» Raw data
────────────────────
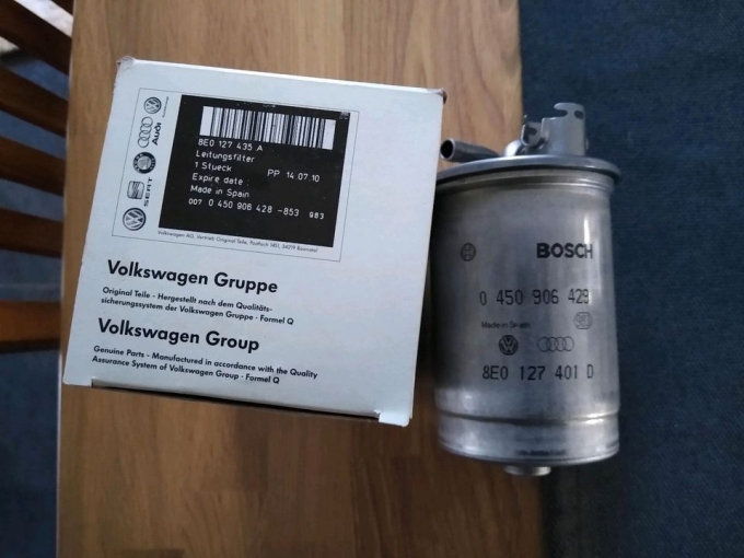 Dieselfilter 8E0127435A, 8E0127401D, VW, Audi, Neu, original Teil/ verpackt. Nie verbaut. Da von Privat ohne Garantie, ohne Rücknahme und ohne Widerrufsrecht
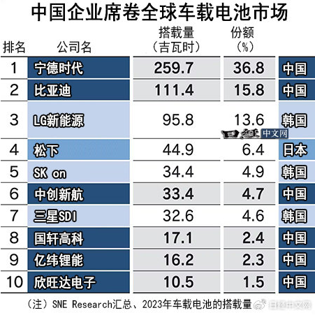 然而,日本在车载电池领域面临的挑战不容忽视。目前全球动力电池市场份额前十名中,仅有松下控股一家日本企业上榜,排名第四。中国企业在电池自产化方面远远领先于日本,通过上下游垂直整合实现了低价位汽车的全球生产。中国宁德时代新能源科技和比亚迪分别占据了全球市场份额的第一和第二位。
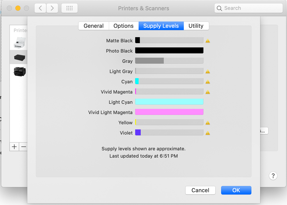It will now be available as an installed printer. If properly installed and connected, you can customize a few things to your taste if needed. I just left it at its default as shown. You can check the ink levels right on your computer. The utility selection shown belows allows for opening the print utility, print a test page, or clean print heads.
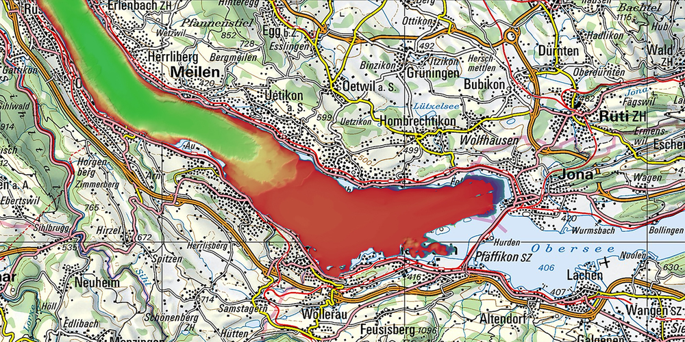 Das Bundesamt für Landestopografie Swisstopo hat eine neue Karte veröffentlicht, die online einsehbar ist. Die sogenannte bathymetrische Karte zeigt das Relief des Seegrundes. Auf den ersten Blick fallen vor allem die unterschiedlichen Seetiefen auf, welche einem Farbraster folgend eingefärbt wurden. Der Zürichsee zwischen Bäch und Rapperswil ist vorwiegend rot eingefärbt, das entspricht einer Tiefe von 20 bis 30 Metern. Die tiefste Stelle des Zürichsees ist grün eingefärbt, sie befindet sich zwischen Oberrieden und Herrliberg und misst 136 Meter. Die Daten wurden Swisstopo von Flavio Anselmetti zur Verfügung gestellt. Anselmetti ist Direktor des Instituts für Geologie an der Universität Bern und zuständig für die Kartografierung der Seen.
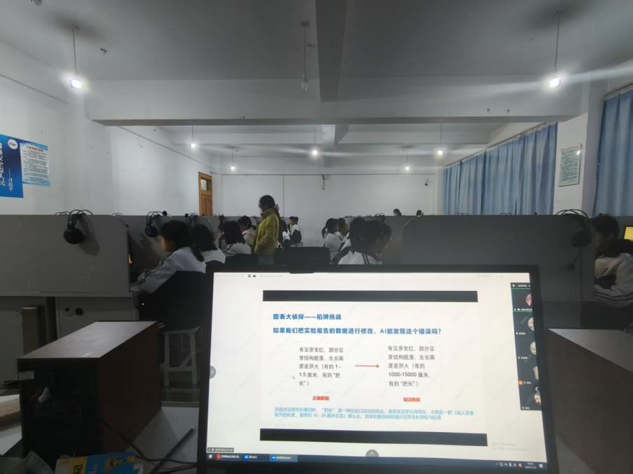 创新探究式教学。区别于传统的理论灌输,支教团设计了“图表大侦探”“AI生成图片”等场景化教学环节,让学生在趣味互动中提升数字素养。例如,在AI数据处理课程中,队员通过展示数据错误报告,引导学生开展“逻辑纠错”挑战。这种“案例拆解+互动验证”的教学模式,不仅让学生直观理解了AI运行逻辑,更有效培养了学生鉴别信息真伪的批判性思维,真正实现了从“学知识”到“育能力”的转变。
────────────────────
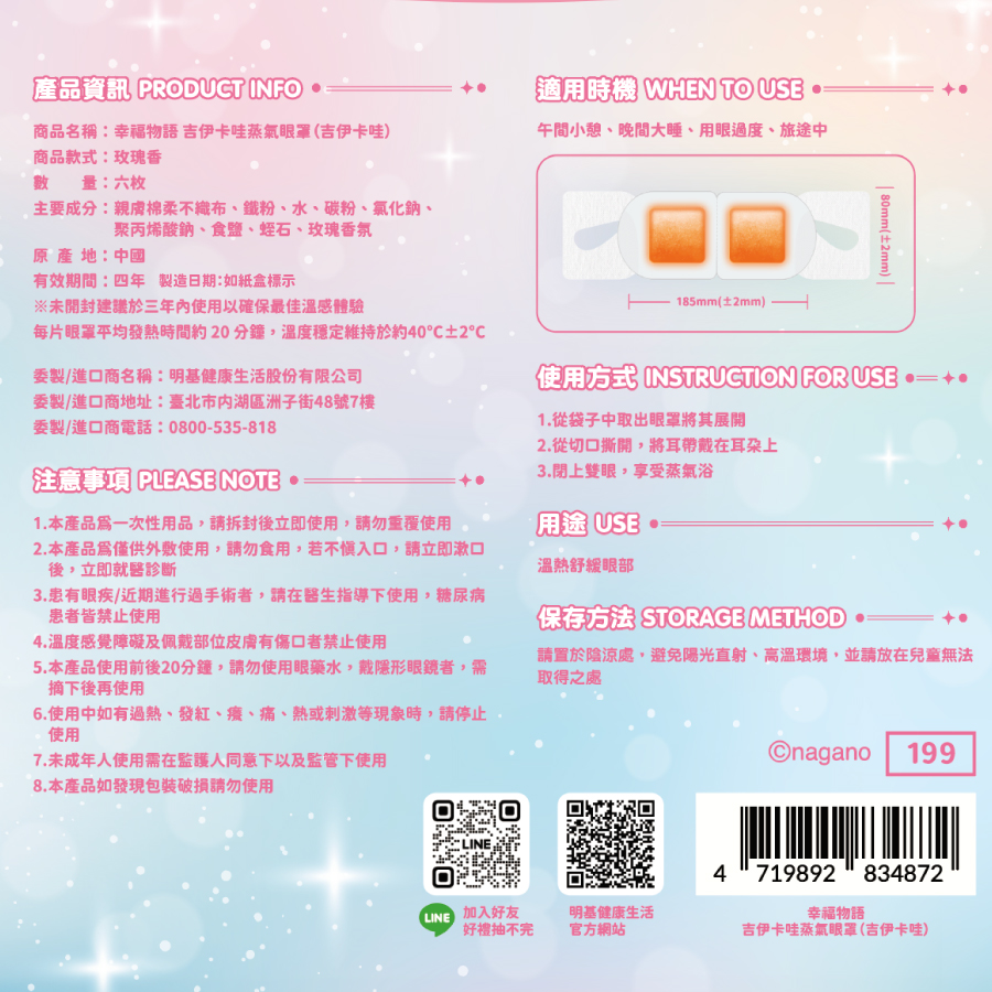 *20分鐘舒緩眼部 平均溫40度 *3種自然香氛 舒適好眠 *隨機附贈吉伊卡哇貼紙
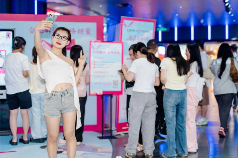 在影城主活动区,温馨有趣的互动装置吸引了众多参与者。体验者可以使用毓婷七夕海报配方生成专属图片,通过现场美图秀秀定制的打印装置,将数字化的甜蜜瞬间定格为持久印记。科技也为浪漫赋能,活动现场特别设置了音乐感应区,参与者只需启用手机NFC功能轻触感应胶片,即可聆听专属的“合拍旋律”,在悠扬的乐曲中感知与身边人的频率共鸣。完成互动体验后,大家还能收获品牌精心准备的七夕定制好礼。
────────────────────
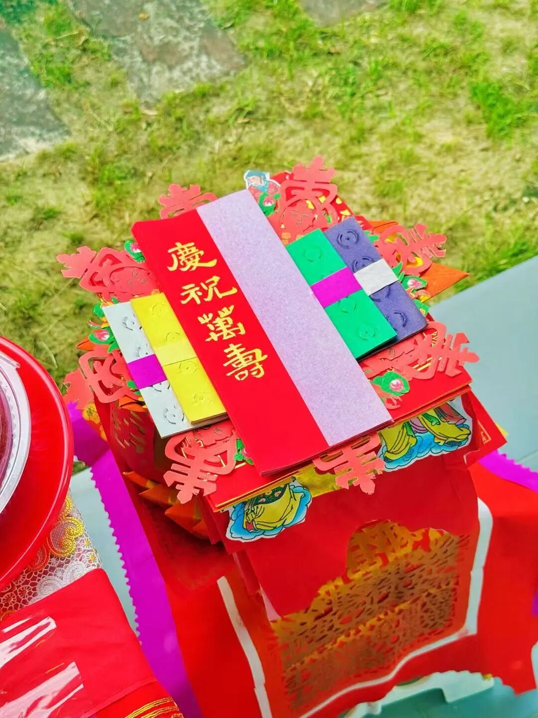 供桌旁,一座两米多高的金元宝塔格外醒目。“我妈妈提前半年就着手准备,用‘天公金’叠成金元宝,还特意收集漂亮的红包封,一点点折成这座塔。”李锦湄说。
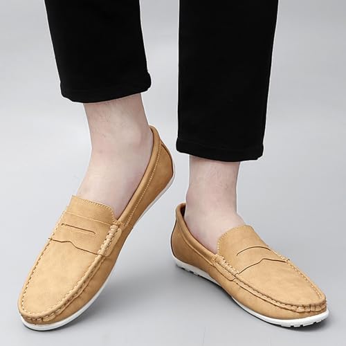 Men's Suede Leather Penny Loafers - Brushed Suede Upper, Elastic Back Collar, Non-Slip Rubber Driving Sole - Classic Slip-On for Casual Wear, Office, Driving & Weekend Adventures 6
────────────────────
» Task instructions
Reproduce word for word, with pictures dropped, only the part of the material above that opens with the line containing "供桌旁,一座两米多高的金元宝" and closes with the line containing "Men's Suede Leather".

» Solved exercise
 供桌旁,一座两米多高的金元宝塔格外醒目。“我妈妈提前半年就着手准备,用‘天公金’叠成金元宝,还特意收集漂亮的红包封,一点点折成这座塔。”李锦湄说。
 Men's Suede Leather Penny Loafers - Brushed Suede Upper, Elastic Back Collar, Non-Slip Rubber Driving Sole - Classic Slip-On for Casual Wear, Office, Driving & Weekend Adventures 6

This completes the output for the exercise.